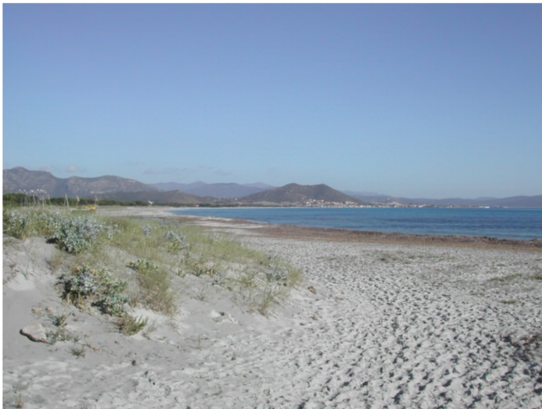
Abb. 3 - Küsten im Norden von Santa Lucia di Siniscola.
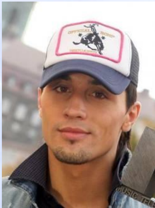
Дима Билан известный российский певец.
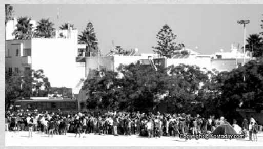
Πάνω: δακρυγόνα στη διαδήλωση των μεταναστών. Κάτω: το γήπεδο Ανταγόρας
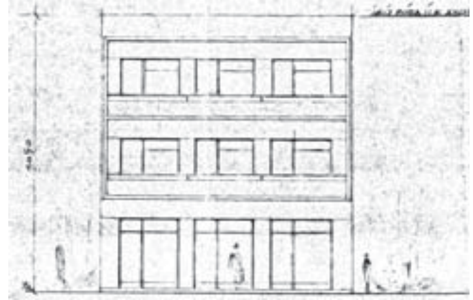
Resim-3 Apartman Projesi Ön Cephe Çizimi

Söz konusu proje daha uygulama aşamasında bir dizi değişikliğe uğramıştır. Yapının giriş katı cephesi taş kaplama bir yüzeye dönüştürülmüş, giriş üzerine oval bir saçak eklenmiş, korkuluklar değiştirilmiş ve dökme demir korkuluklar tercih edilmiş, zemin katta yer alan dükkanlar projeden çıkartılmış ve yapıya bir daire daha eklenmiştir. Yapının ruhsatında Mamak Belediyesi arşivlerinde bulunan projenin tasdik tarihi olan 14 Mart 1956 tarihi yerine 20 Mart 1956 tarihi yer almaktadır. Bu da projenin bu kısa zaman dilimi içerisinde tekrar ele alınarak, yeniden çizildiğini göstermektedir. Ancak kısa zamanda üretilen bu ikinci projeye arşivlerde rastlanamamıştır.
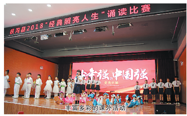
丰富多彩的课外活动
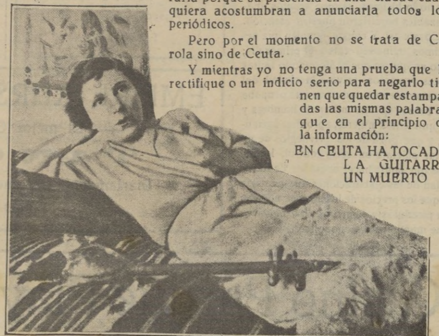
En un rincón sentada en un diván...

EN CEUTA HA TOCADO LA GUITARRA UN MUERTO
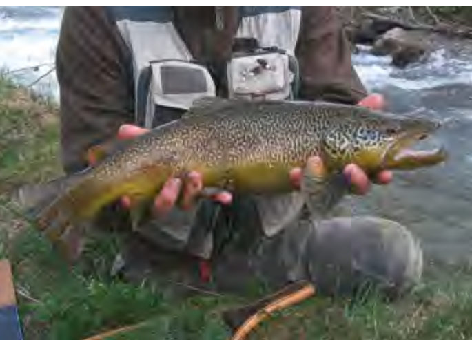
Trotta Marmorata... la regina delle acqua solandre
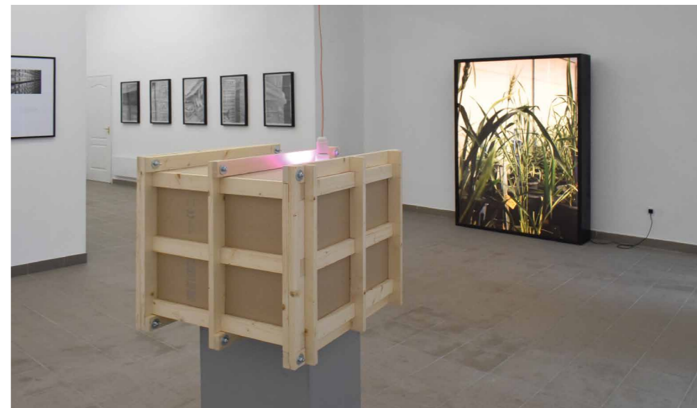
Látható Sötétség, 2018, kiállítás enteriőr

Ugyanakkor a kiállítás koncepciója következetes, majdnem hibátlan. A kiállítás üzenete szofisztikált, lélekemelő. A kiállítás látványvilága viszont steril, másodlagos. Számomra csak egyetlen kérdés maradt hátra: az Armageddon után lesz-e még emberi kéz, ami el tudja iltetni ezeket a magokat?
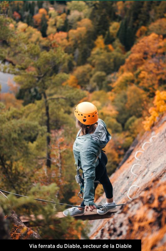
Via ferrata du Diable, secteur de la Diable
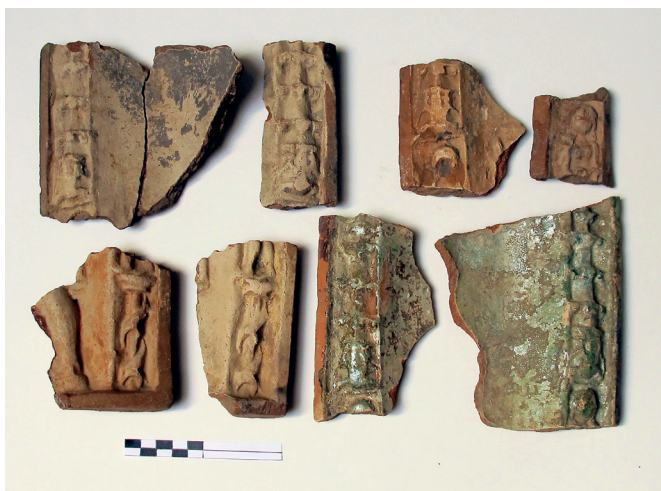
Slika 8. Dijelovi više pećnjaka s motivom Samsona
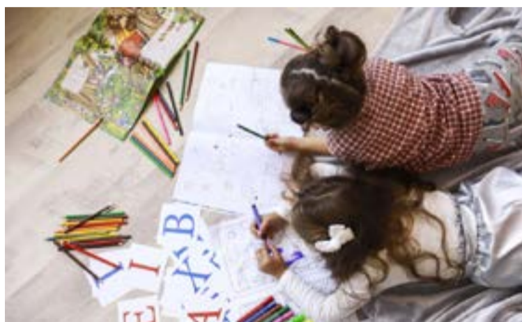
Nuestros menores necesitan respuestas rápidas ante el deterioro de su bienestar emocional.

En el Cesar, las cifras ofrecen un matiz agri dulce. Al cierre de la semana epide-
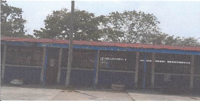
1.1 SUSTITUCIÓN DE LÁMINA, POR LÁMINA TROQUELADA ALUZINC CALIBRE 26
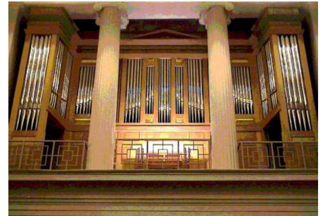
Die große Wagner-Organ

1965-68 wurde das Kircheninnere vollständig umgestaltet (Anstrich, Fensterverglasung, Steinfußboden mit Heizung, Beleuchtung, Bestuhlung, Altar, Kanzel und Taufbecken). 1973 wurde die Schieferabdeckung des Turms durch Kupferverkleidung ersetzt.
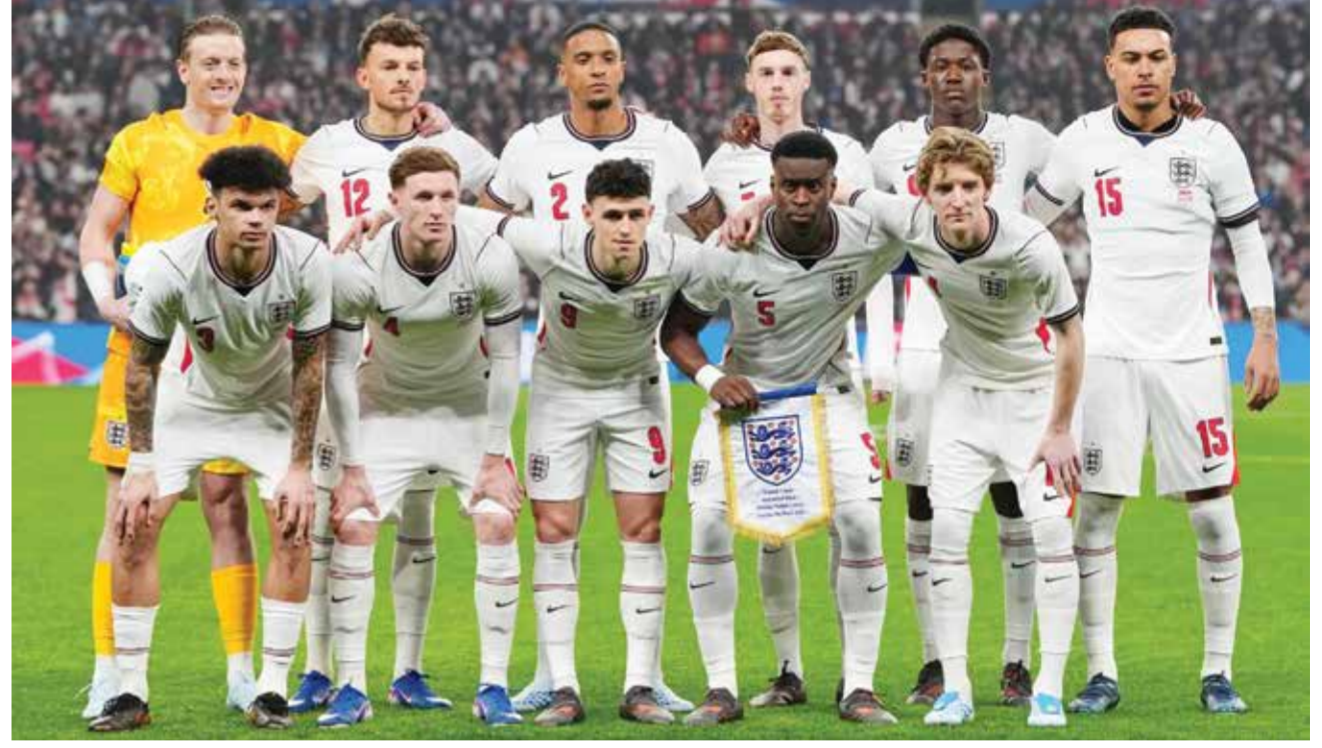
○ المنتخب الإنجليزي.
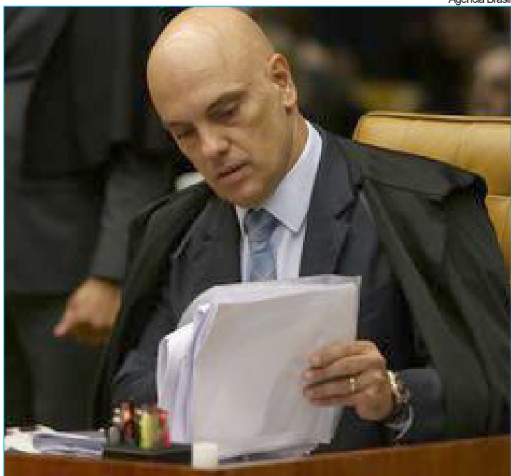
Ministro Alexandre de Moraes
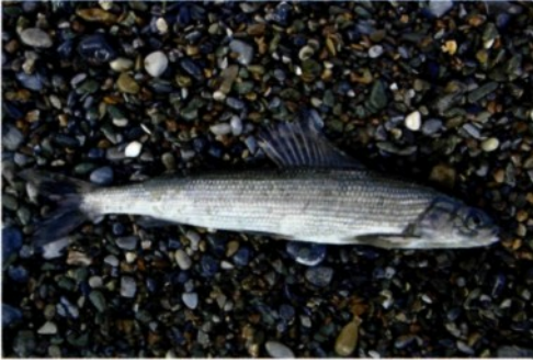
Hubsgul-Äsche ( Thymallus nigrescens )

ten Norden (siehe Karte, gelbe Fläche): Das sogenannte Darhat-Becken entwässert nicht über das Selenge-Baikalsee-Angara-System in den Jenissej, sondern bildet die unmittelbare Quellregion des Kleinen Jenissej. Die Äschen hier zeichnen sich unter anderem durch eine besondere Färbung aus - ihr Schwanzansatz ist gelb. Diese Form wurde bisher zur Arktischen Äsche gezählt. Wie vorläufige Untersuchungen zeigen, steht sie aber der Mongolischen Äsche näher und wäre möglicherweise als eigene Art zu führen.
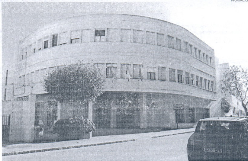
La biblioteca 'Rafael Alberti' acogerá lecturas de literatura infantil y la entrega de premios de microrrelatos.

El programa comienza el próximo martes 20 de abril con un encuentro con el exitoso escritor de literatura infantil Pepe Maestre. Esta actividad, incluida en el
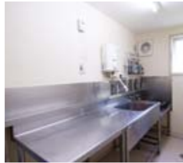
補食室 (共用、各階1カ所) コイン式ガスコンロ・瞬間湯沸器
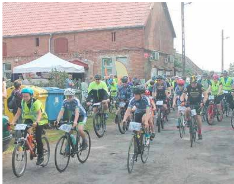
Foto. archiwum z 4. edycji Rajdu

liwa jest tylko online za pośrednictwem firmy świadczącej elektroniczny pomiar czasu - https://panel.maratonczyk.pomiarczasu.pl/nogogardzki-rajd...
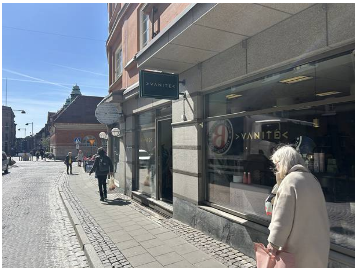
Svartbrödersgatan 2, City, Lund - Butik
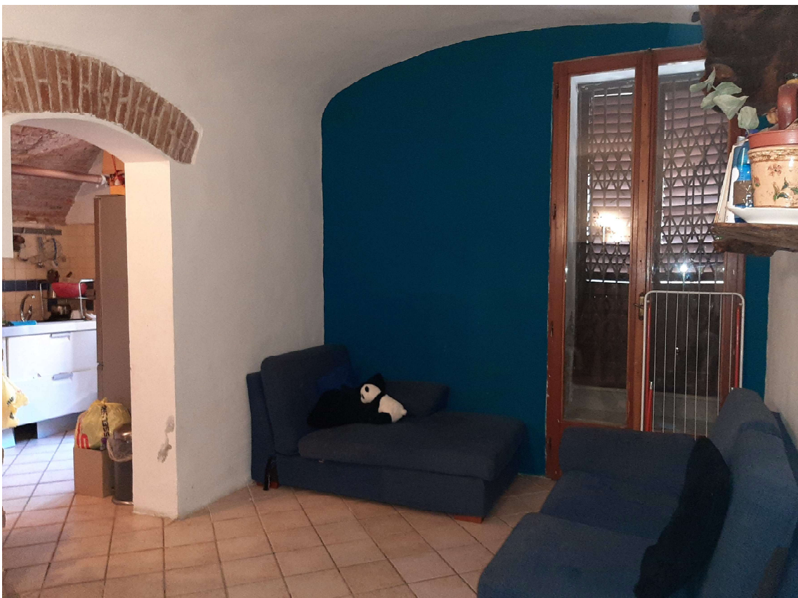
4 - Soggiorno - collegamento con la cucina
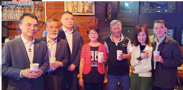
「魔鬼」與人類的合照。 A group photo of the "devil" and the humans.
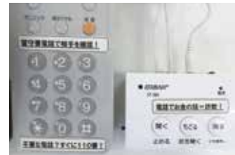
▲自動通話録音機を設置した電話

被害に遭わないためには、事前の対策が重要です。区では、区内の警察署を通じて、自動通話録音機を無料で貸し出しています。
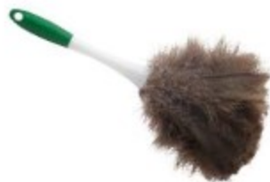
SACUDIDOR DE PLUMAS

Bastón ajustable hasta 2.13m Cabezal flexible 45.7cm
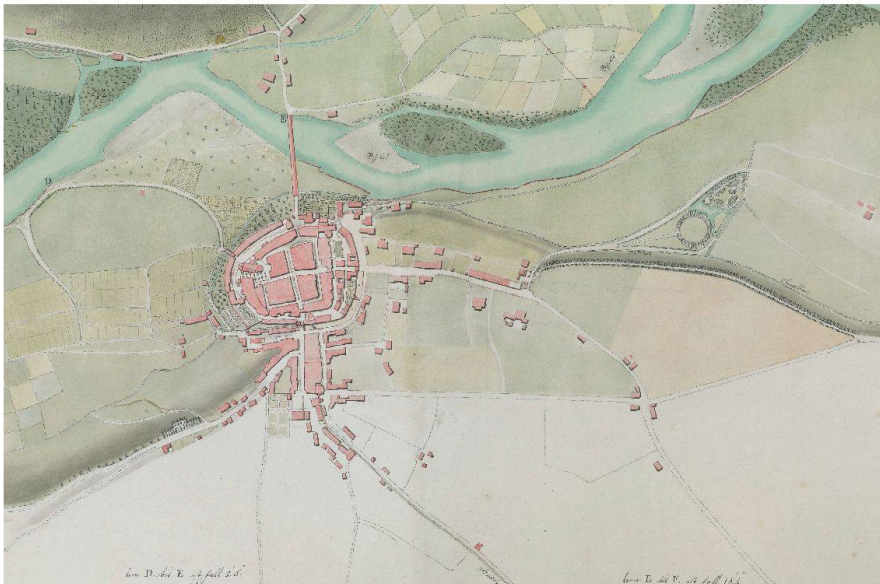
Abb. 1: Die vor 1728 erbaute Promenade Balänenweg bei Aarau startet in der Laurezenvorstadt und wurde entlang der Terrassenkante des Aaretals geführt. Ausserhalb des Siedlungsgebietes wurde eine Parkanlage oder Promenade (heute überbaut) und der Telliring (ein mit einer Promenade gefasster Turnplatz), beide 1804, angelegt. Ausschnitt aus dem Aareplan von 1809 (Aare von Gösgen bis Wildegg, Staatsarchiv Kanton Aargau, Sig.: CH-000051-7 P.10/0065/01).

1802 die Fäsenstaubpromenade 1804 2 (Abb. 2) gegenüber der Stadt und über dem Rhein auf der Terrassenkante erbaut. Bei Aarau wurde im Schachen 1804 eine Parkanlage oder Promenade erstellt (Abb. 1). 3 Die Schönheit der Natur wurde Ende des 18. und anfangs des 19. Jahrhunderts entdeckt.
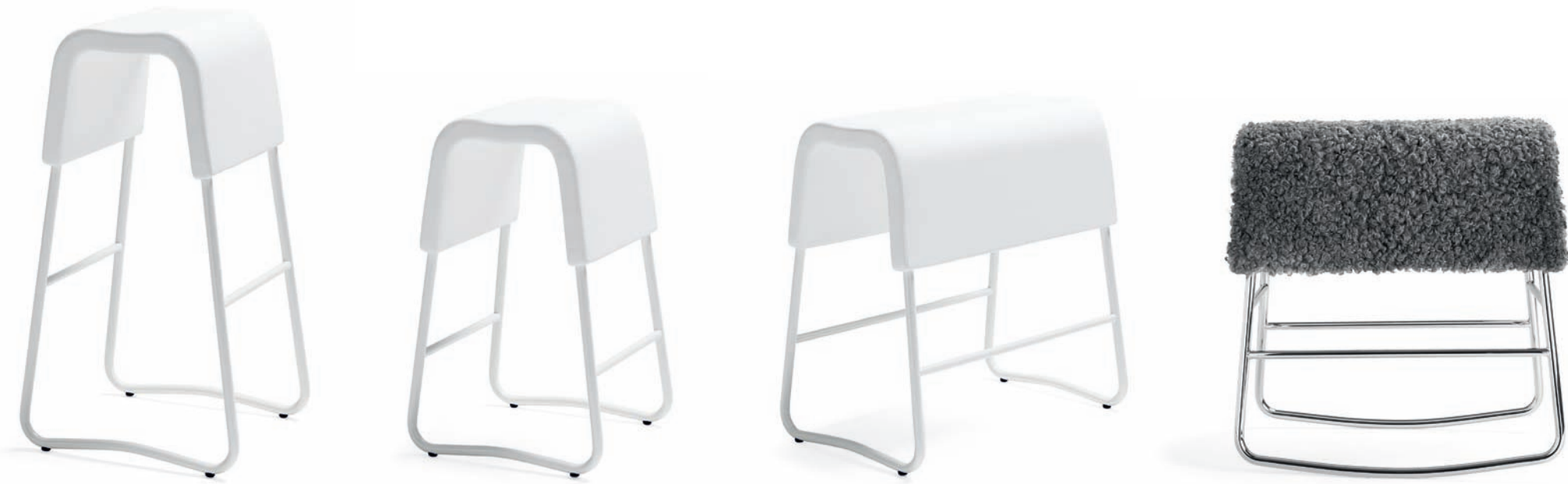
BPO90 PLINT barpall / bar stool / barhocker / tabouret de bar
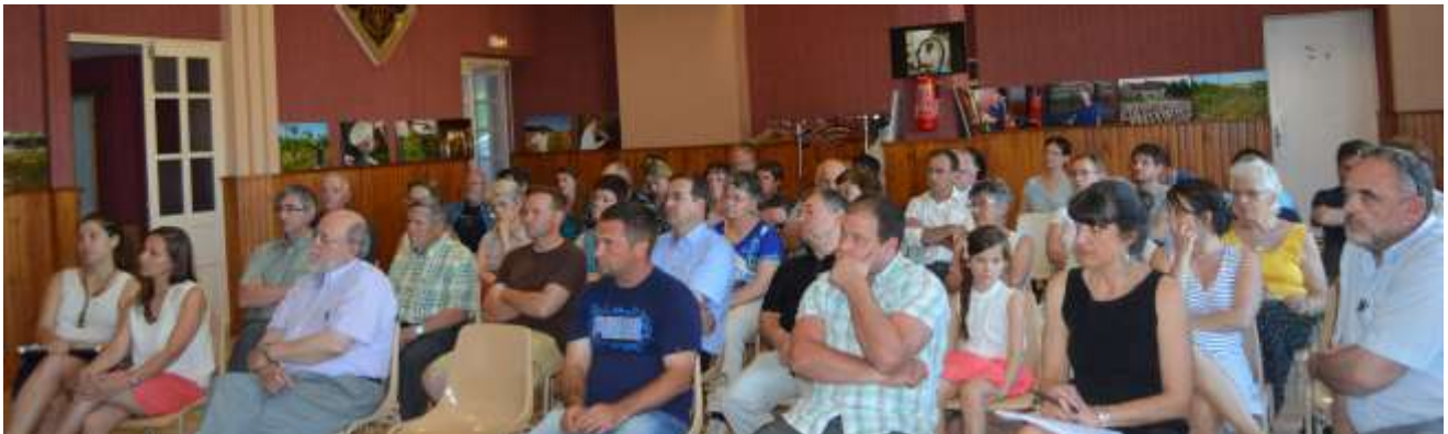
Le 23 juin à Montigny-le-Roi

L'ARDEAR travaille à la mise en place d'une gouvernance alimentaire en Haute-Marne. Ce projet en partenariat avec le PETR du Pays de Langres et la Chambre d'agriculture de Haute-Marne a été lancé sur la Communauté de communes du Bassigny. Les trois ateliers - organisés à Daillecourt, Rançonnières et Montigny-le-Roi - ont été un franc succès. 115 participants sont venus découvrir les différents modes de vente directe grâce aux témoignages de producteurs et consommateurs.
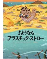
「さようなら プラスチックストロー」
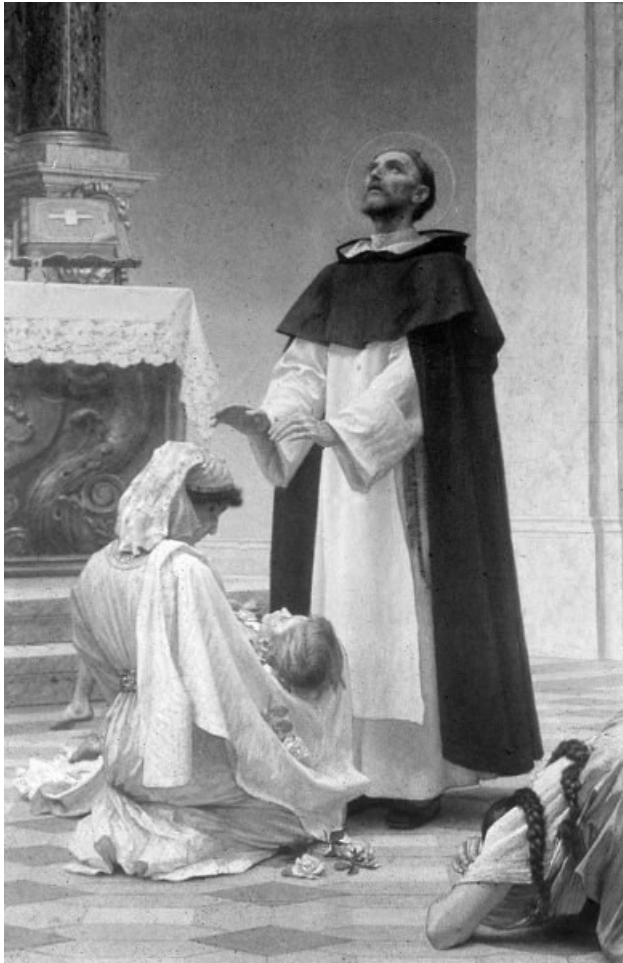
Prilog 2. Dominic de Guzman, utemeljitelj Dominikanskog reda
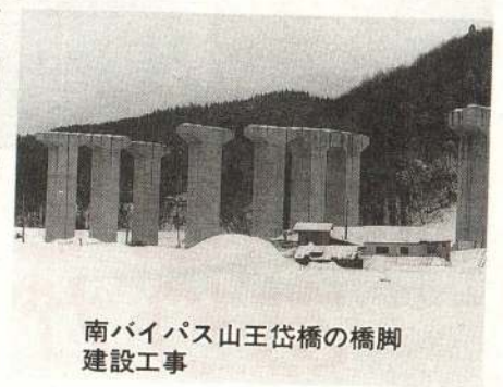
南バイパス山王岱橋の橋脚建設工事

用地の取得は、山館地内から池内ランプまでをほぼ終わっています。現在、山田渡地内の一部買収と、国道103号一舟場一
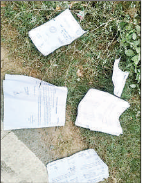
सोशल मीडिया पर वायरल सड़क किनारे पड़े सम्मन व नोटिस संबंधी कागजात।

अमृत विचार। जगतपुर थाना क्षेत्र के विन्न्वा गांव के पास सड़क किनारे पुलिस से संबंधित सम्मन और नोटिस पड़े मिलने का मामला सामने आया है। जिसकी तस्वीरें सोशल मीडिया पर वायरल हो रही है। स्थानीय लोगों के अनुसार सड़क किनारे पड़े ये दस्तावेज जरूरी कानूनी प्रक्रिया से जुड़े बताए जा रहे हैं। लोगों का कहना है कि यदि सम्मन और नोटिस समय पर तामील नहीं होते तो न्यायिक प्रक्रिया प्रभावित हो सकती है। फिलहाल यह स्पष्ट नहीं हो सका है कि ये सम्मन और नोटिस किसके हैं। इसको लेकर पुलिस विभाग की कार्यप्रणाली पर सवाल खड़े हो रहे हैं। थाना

+---+

* **WHAT TO PRODUCE**
For this exercise, please set down exactly the lines of the listing above from the line with "BPO90 PLINT barpall" up to and including the line with "सोशल मीडिया पर वायरल सड़क", and no pictures.

* **EXERCISE RESPONSE**
BPO90 PLINT barpall / bar stool / barhocker / tabouret de bar
Le 23 juin à Montigny-le-Roi

L'ARDEAR travaille à la mise en place d'une gouvernance alimentaire en Haute-Marne. Ce projet en partenariat avec le PETR du Pays de Langres et la Chambre d'agriculture de Haute-Marne a été lancé sur la Communauté de communes du Bassigny. Les trois ateliers - organisés à Daillecourt, Rançonnières et Montigny-le-Roi - ont été un franc succès. 115 participants sont venus découvrir les différents modes de vente directe grâce aux témoignages de producteurs et consommateurs.
「さようなら プラスチックストロー」
Prilog 2. Dominic de Guzman, utemeljitelj Dominikanskog reda
南バイパス山王岱橋の橋脚建設工事

用地の取得は、山館地内から池内ランプまでをほぼ終わっています。現在、山田渡地内の一部買収と、国道103号一舟場一
सोशल मीडिया पर वायरल सड़क किनारे पड़े सम्मन व नोटिस संबंधी कागजात।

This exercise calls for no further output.